The head of the UK financial watchdog said it had been shut out from certain discussions at its counterpart on the continent, the European Securities and Markets Authority.
Mr Bailey said the UK regulator had been excluded from talks on topics such as the future relationship between the UK and EU and what Esma expects of UK firms looking to operate on the continent.
He told FTAdviser's sister paper the Financial Times: "There are times when they want to discuss Brexit without us being present and there are issues they want to discuss amongst themselves, so we have a bit of shuttling in and then shuttling out."
ESMA confirmed that the UK had been shut out of some talks, but made no further comment.
It is reported that the Bank of England’s Prudential Regulation Authority has had a similar experience with the European Banking Authority.
Mr Bailey took the helm at the UK regulator last year after Martin Wheatley was dismissed in 2015.

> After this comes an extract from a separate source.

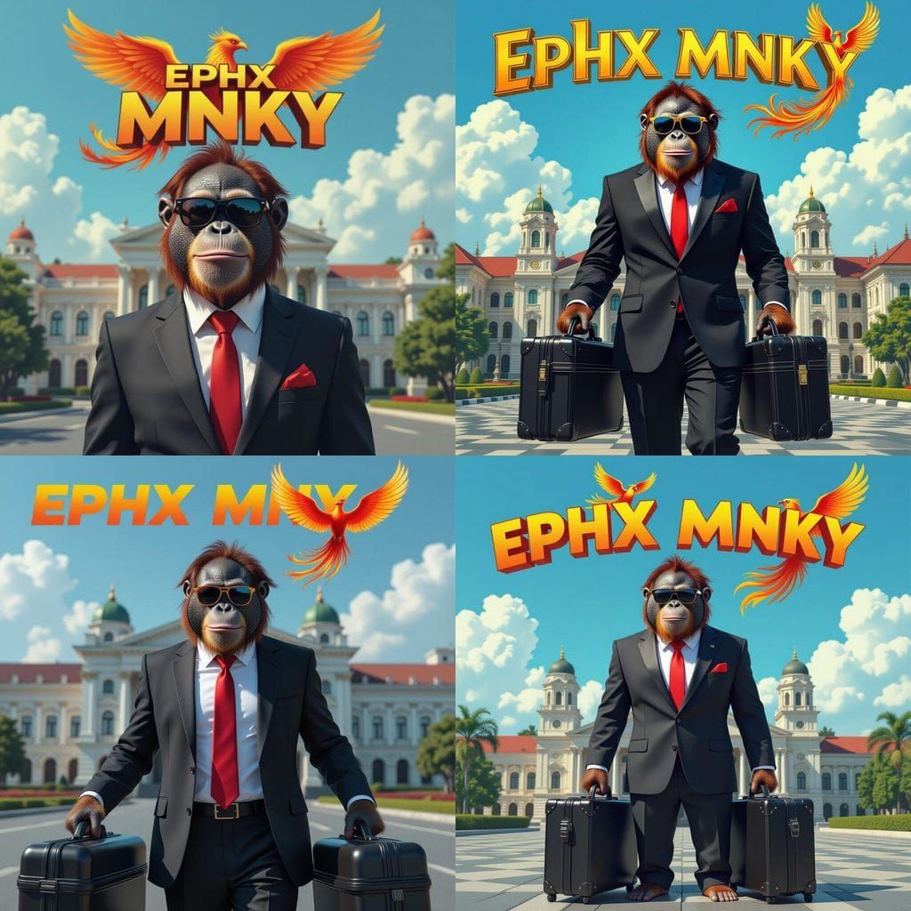 An orangutan wearing a tie and sunglasses stands before the Jakarta State Palace under a clear sky, carrying black suitcases. The scene features a phoenix animation in the sky.

His biggest task at the regulator currently is to work with the government to duplicate existing EU rules onto the UK statute books – a project the organisation has had to take on 15 additional lawyers to achieve.
He said: ‘The European parliament takes a bigger scrutinising role… and that’s not what the Westminster parliament is particularly in the business of doing.
"It has come back a bit recently with things like ring-fencing and the Senior Managers’ Regime, but they’re the exception, not the rule, for Westminster."
Ring-fencing has been one of the major reforms to the finance industry since the financial crisis; it forces lenders to separate their retail and investment-banking operations by 2019.
The senior managers’ regime involves the implementation of tough new accountability rules.
Mr Bailey said of the misconduct scandals: ‘I’d like to think that era will be over…We’re still playing some of it through.’
On top of all that, the watchdog is dealing with ongoing issues such as an investigation into the former HBOS bosses and the 2019 payment protection insurance mis-selling claims deadline. Mr Bailey is also overseeing the move of the 3,350-strong organisation from Canary Wharf to Stratford – a move which is understood to be deeply unpopular among staff at the watchdog.
He said: ‘Yes the view will be different. But we supervise 56,000 firms and only some of the larger ones are down the road.’